Liliana Maresca

Works
Biography

Buenos Aires, Argentina (1951-1994)

 

            Liliana Maresca was an unclassifiable artist, she made paintings, sculptures, installations, photos, poems, and performances and presented more than 40 solo and group exhibitions. In addition, she organized events that made her a nexus and connecting point for the artistic community of the city of Buenos Aires during the 80s and early 90s. She was the coordinator of several key artistic projects such as La Kermesse and La Conquista. She died a few weeks after the opening of her last exhibition. In her short but intense life, she became the center and amalgam of the post-dictatorship underground art scene. 

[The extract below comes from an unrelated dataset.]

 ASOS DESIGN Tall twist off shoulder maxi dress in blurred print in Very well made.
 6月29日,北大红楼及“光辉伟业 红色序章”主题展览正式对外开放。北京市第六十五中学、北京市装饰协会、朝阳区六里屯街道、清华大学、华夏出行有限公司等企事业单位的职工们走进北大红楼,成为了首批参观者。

            Rebellious and atypical, to escape family asphyxia, she married a doctor and lived for a while as a “Belgrano lady”. At that time, she began to draw intensely. She could not find her place in the world, so she had to invent it. Bored with the life of a housewife, she separated and moved to Estados Unidos 834, to an old and semi-ruined “PH”. To survive, she decided to rent the rooms. The house became crowded and she, little by little, became the owner of a boarding house. Like a mother taking in orphans, Maresca turned her house in Estados Unidos into a mythical gathering place. The first objects Liliana made around 1982 were barely intervened garbage: cans, rickety chairs, rotten wood, cement and torn sacks. Soon after, the super-production began: the photos with Marcos López, the network of friends, the performances, the posters with phrases. Among them, it stands out one in which her phone number appears under the slogan "Maresca se entrega” [Maresca surrenders], part of a photoperformance she made together with photographer Alejandro Kuropatwa and which was published in El Libertino magazine.

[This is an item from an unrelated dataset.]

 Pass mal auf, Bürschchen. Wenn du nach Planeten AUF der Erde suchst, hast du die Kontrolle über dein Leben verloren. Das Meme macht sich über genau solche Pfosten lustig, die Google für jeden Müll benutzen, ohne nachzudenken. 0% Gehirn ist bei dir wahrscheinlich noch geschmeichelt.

            At that moment of creative explosion, Liliana found out that she had AIDS. At that time, Liliana and Marcia Schvartz rented a house in Tigre, "Las Camelias", located on the Caraguatá River. The first branches and roots were probably carried to her feet by the southeast winds. With them, Maresca created her most silent works, which, in the general context of her work, appear as mute offerings of an intimate ritual. Thus, the brutal and dirty objects give way to a work more self-focused, more precise. In April 1989, in her first solo show for Adriana Indik Gallery, Maresca showed No todo lo que brilla es oro, where, invested with the majesty of the mountains, her branches and roots emerged on metal bases. Perhaps her readings on alchemy, which date from the same period, awakened her interest in the transformation of metals and inspired a work that creates a seamless continuity between the branches and their bronze bases.

            The disease, which so far Maresca had managed to keep at bay, began to progress. In early 1994, meningitis struck again, this time finding her tired. At that moment, when her strength seemed to have left her, it occurred to her to make a retrospective of her work. That was the origin of Frenesí, her last exhibition, held at the Centro Cultural Recoleta. Liliana devoted only fourteen years to art. And yet, that time was enough for her work to become an essential reference in the history of contemporary Argentine art. Tireless, Maresca combines the sacred and the profane, the political and the sentimental. À la Maresca, all the work you left us, Liliana!